In 2001, Chabon reflected on the success of his first novel by saying that while "the upside was that I was published and I got a readership, ... [the] downside ... was that, emotionally, this stuff started happening and I was still like, 'Wait a minute, is my thesis done yet?' It took me a few years to catch up."

2007

His novel The Yiddish Policemen's Union, an alternate history mystery novel, was published in 2007 and won the Hugo, Sidewise, Nebula and Ignotus awards; his serialized novel Gentlemen of the Road appeared in book form in the fall of the same year.

2010

As he remarked in 2010, "I just copied the writers whose voices I was responding to, and I think that's probably the best way to learn."

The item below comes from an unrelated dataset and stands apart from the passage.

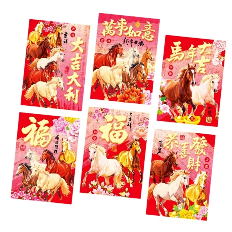 6Pcs/Lot 2026 Spring Festival Money Envelopes Cartoon Horse Traditional Blessings

Chabon was ambivalent about his newfound fame.

He turned down offers to appear in a Gap ad and to be featured as one of People's "50 Most Beautiful People".

He later said of the People offer, "I don't give a shit [about it] ... I only take pride in things I've actually done myself. To be praised for something like that is just weird. It just felt like somebody calling and saying, 'We want to put you in a magazine because the weather's so nice where you live.' "

2012

In 2012, Chabon published Telegraph Avenue, billed as "a twenty-first century Middlemarch", concerning the tangled lives of two families in the San Francisco Bay Area in 2004.

2016

He followed Telegraph Avenue in November 2016 with his latest novel, Moonglow, a fictionalized memoir of his maternal grandfather, based on his deathbed confessions under the influence of powerful painkillers in Chabon's mother's California home in 1989.

Chabon's work is characterized by complex language, and the frequent use of metaphor along with recurring themes such as nostalgia, divorce, abandonment, fatherhood, and most notably issues of Jewish identity.

He often includes gay, bisexual, and Jewish characters in his work.